Herein, to break the eigen-polarization constraint we propose the dispersive Jones matrix method through constructing wavelength-decoupled coherent pixel based on all-silicon metasurface. Without spatial or time cost and crosstalk, this method enables the independent phase manipulations on any desired orthogonal polarization channels at predefined discrete wavelengths. It broadens the polarization applications from scientific research to industry in an ultra-compact and integratable manner which would require various cascaded elements in parallel otherwise.

Results

Design principle

As shown in Fig. 1b, the EPS can be accordingly adjusted through rotating the metaatoms at one single wavelength.

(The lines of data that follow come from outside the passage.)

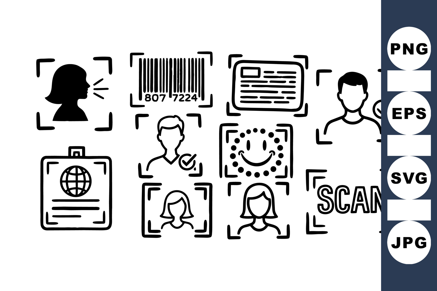Black and white flat design icons depict facial recognition, barcode scanning, and global identification concepts for technology and security systems, clear and minimalistic style.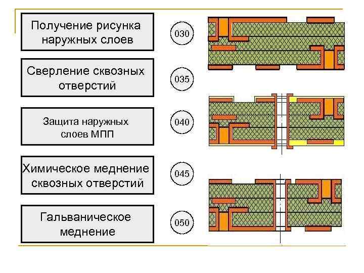 Получение рисунка наружных слоев 030 Сверление сквозных отверстий 035 Защита наружных слоев МПП 040 Химическое меднение сквозных отверстий 045 Гальваническое меднение 050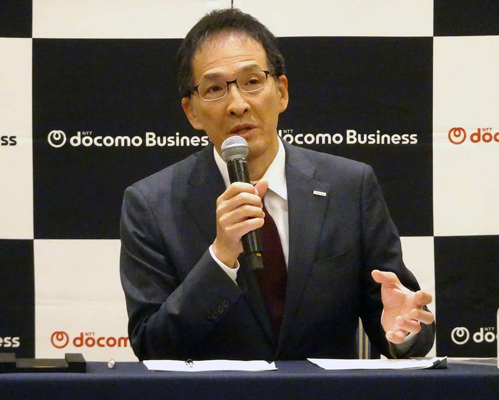 報道関係者の取材に応じるNTTドコモビジネスの小島克重社長=東京都港区
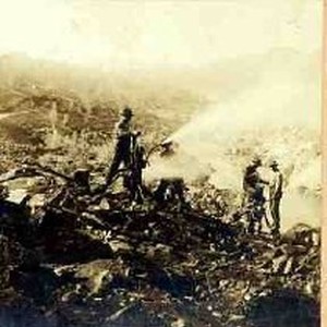 Exterior view of hydraulic mining operation on possibly the Feather River near Oroville, California. Men are seen operating the nozzle and other equipment.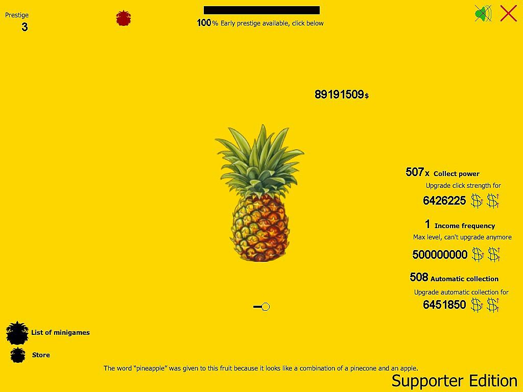 For anyone that would want to support project Ananas - Pineapple Idle game, its giveaways in a form of random lotteries, its future updates and creation of more traditional games, Ananas - Pineapple Supporter Edition is available!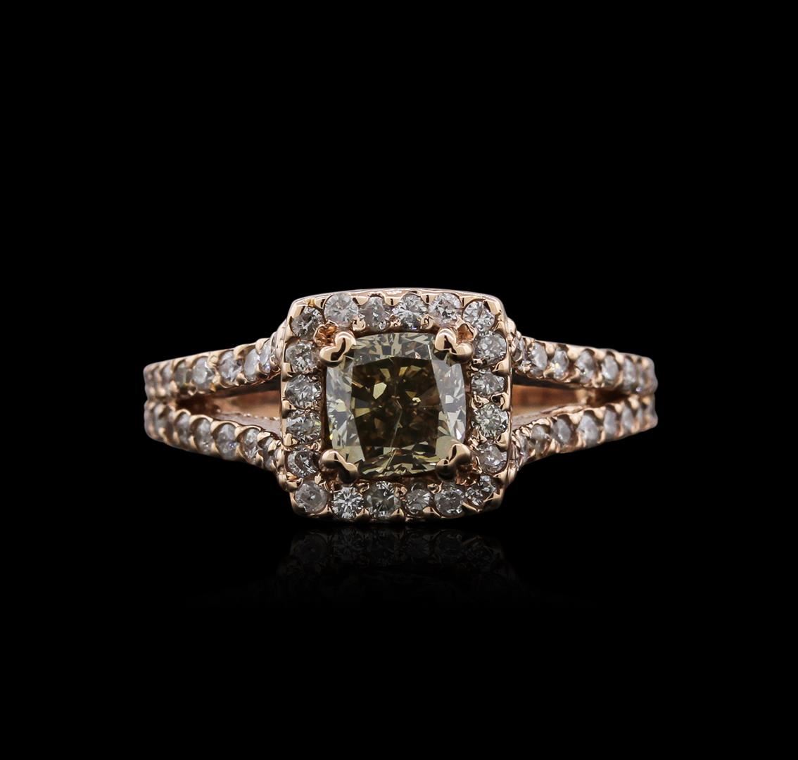 One electronically tested 14KT rose gold ladies cast diamond ring with a bright polish finish. Identified with markings of "14K". Condition is new. Containing: One prong set cushion cut diamond, measuring 5.50 x 5.50 x 3.41mm (depth est.) approximate weight of 0.88ct. Clarity: I-1, color of Fancy Yellowish Green, Cut is Good. Whether the color of this diamond is of natural origin or an artificial process cannot currently be determined. Sixty-Four prong set round brilliant cut diamonds, measuring 1.30 - 1.30 x 0.78mm (depth est.) approximate total weight of 64 Stones = 0.51ct. Clarity: SI-2 to I-2. Color: J - K. All diamonds are graded in the mounting, unless otherwise stated. Total Weight of Diamonds 1.39ct. Total Weight of Ring 4.70 grams. GGL Appraised at $5,595.00.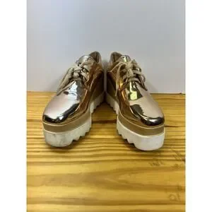 Metallic Rose Gold Platform Oxford Shoes Size 7.5 Lug Sole Chunky Lace-Up

Together with propagation phase control, the flexible metaatoms rotation enables the full phase manipulation in ref. ¹⁹ over one pair of arbitrarily selected orthogonal polarizations P₁ and P₁* at λ₁. However, the simultaneous full control over another pair of arbitrary selected orthogonal polarizations P₂ and P₂* at λ₂ further requires that the metaatom with rotation angle θ₂ should satisfy two different phase shifts at λ₁ and λ₂ at the same time. Although this constraint can be alleviated by optimizing metaatom’s parameters other than the rotation angle (e.g., out-of-plane height or in-plane long/short axes), it would be challenging, if not impossible, to simultaneously and independently control phase over two (and more than two) pairs of orthogonal polarizations at different wavelengths, since the conversion path (and its related phase shift) for P₁–P₁* would differ from that for P₂–P₂* as Fig. 1b shows. For more pairs of orthogonal polarizations P_n and P_n*, the eigen-polarization restrictions on the phase control becomes more critical. Until now, there is still no work reporting on the phase manipulations over more than two different pairs of orthogonal polarizations at multiple wavelengths.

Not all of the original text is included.